La dernière étude en date parue fin mai dans la revue Annals of Oncology a comparé la fiabilité du diagnostic de ce cancer lorsqu’ il est émis par une machine et par 58 dermatologues. Après avoir «observé» cent images de nævus bénins et de mélanomes, l’ordinateur a identifié 95 % des mélanomes, quand les médecins en reconnaissaient… 87 %. Un chiffre qui est monté à 89 % quand ils disposaient d’éléments complémentaires sur le patient (antécédents, région cutanée concernée, etc.).

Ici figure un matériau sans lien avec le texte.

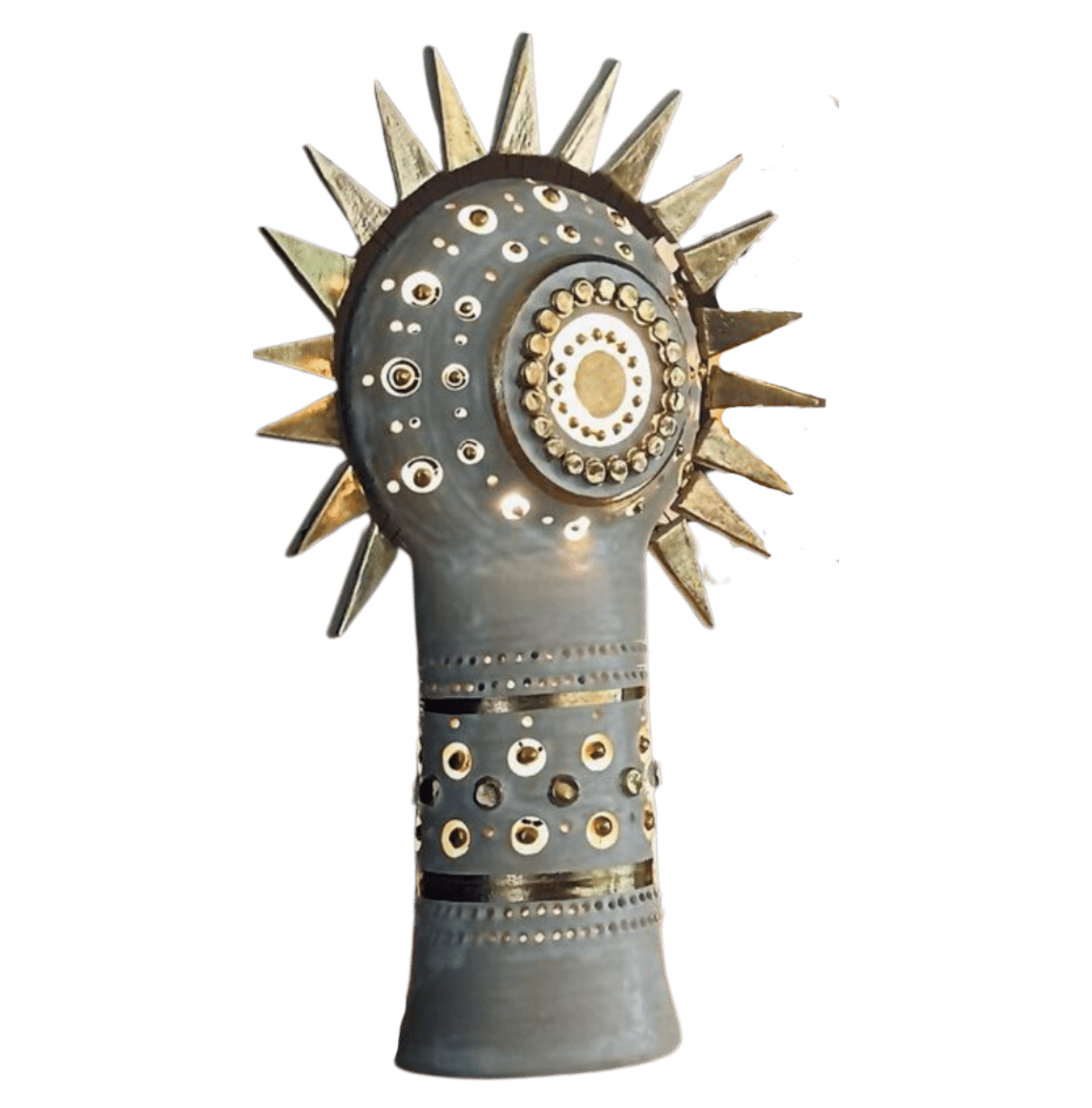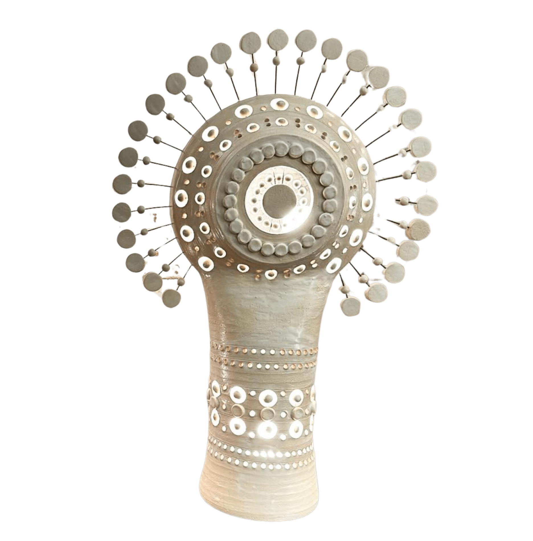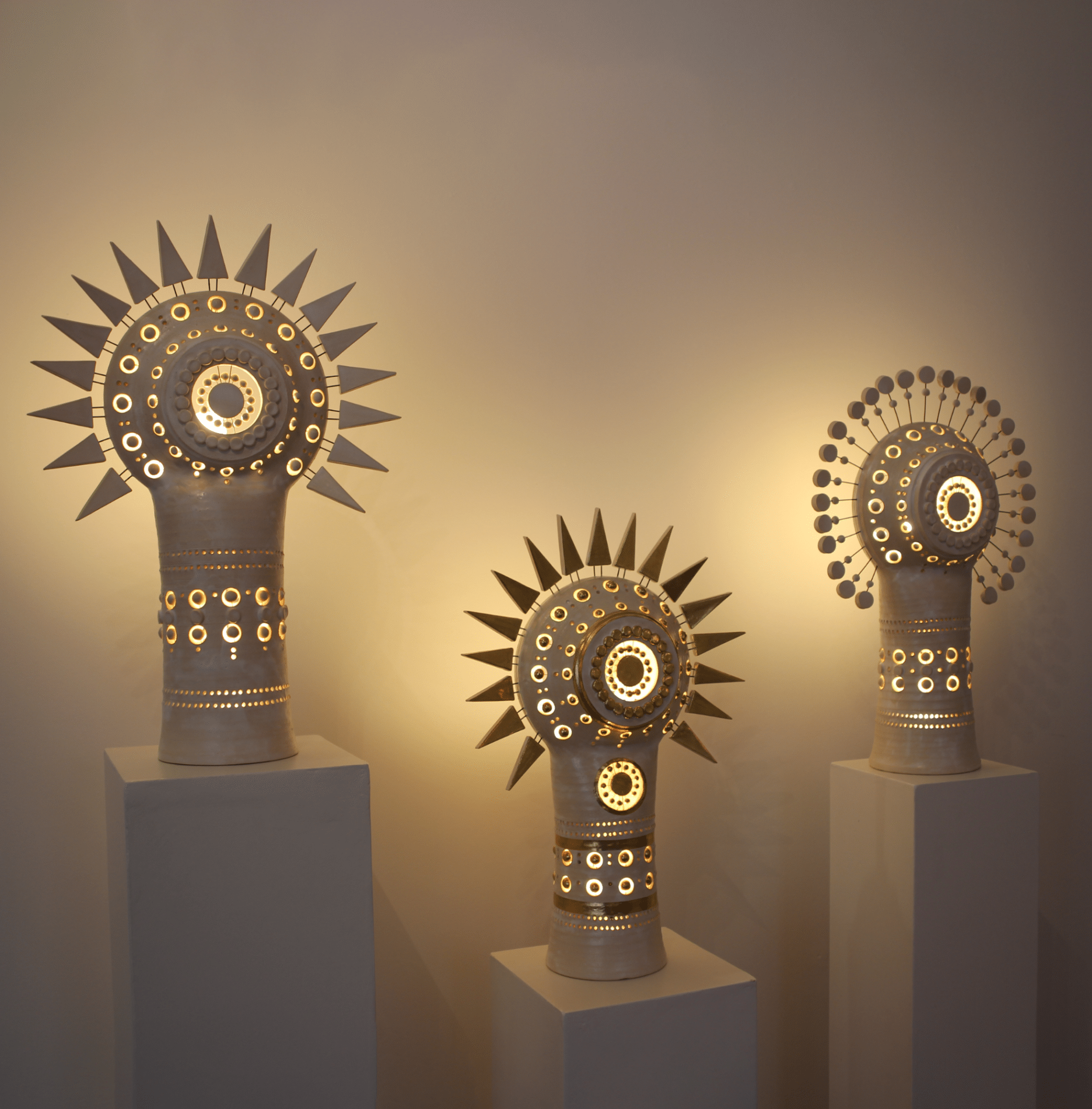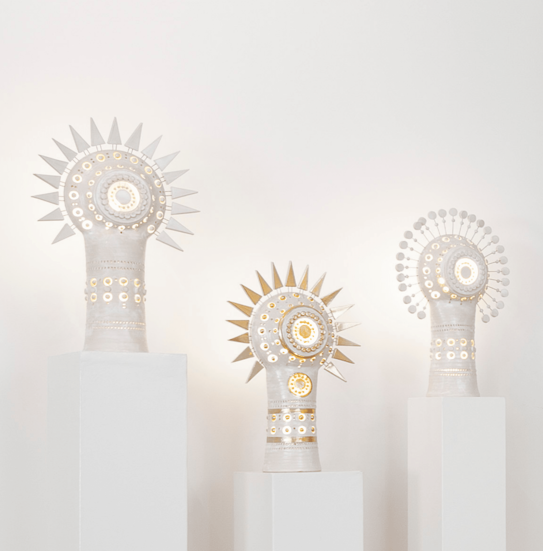 Pour l’édition de Private Choice 2024, un ensemble de miroirs, totems, lampadaires et de lampes sculpturales seront présentés. Ces pièces en céramique arborent les mêmes formes solaires : les luminaires ajourés prennent des allures de photophores et baignent la pièce d’une lumière douce, tandis que les miroirs surmontés de tiges en céramique émaillées, répondent à cette volonté de faire entrer les rayons du soleil dans un intérieur.

Réduire le nombre de faux positifs
En outre, l’intelligence artificielle a permis de réduire le nombre de faux positifs, c’est-à-dire de lésions considérées comme des mélanomes alors qu’elles n’en étaient pas. «C’est un point important car, en pratique, il y a un excès d’interventions pour éliminer des tumeurs à titre préventif. Cela entraîne des actes de chirurgie et des cicatrices inutiles. Réduire les faux positifs reviendrait à tempérer ce phénomène», explique le Pr Luc Thomas, dermatologue au CHU Lyon Sud et chercheur au centre de recherche sur le cancer de Lyon, qui a participé à ces travaux.

 

100 000 clichés de lésions cutanées
«Si la machine fait mieux que l’homme, c’est qu’elle peut évaluer plus de critères géométriques que l’œil humain: la différence de ton d’un pixel à l’autre ou encore l’asymétrie des bords», explique Luc Thomas. Cette intelligence artificielle est en fait un ordinateur qui a été programmé pour simuler le fonctionnement d’un réseau de neurones et être capable de faire de la reconnaissance d’images grâce un processus d’apprentissage. Le logiciel intègre et digère les données fournies sans a priori, tel un cerveau d’enfant. «À force de traiter des clichés de lésions cutanées,
100 000 ici, la machine a créé une sorte de signature numérique du mélanome. Et c’est seulement après cette phase d’apprentissage qu’elle est devenue capable d’analyser de nouvelles photos pour faire un diagnostic. On parle d’intelligence artificielle, mais la machine ne crée rien, elle apprend et elle restitue», clarifie Luc Thomas.

 

La machine ne créé rien
Le logiciel est, de fait, incapable de sortir de son champ de connaissances. Ce travail s’est fait dans un contexte bien contrôlé à partir d’images présélectionnées, de sorte que le programme serait a priori incapable de diagnostiquer des tumeurs différentes ou des lésions autres, telles qu’un angiome ou une kératose, qui n’ont pas encore été «enseignées» à la machine. Enfin, les mélanomes ont des caractéristiques différentes selon la région cutanée, et seuls le tronc et les membres étaient concernés dans cette étude. Il faudrait donc l’éduquer encore longtemps pour élargir son savoir-faire au visage, au crâne ou encore aux ongles. Autant dire que son utilisation en situation réelle n’est pas pour tout de suite.

 

L’intelligence humaine reste décisionnaire
Il s’agit plutôt d’une preuve de concept de l’intérêt de cette technologie pour l’analyse d’images médicales. «Le coût de ces supercalculateurs est encore exorbitant, mais il ne fait pas de doute qu’ils vont bientôt se démocratiser. À l’avenir, ce genre d’outil sera une aide précieuse pour les dermatologues, mais aussi pour d’autres praticiens faisant appel à l’observation de clichés: radiologues, ophtalmologistes. D’autres professionnels de santé pourraient même l’utiliser pour un dépistage plus large des cancers cutanés: médecins généralistes, infirmiers ou médecins du travail», illustre Luc Thomas. Les chercheurs pensent même à utiliser les smarthphones pour transmettre à l’ordinateur les images. Mais une chose est sûre, au bout de la chaîne, «c’est l’intelligence humaine qui restera décisionnaire de la suite à donner, en fonction du contexte et du patient», croit bon de rappeler Luc Thomas.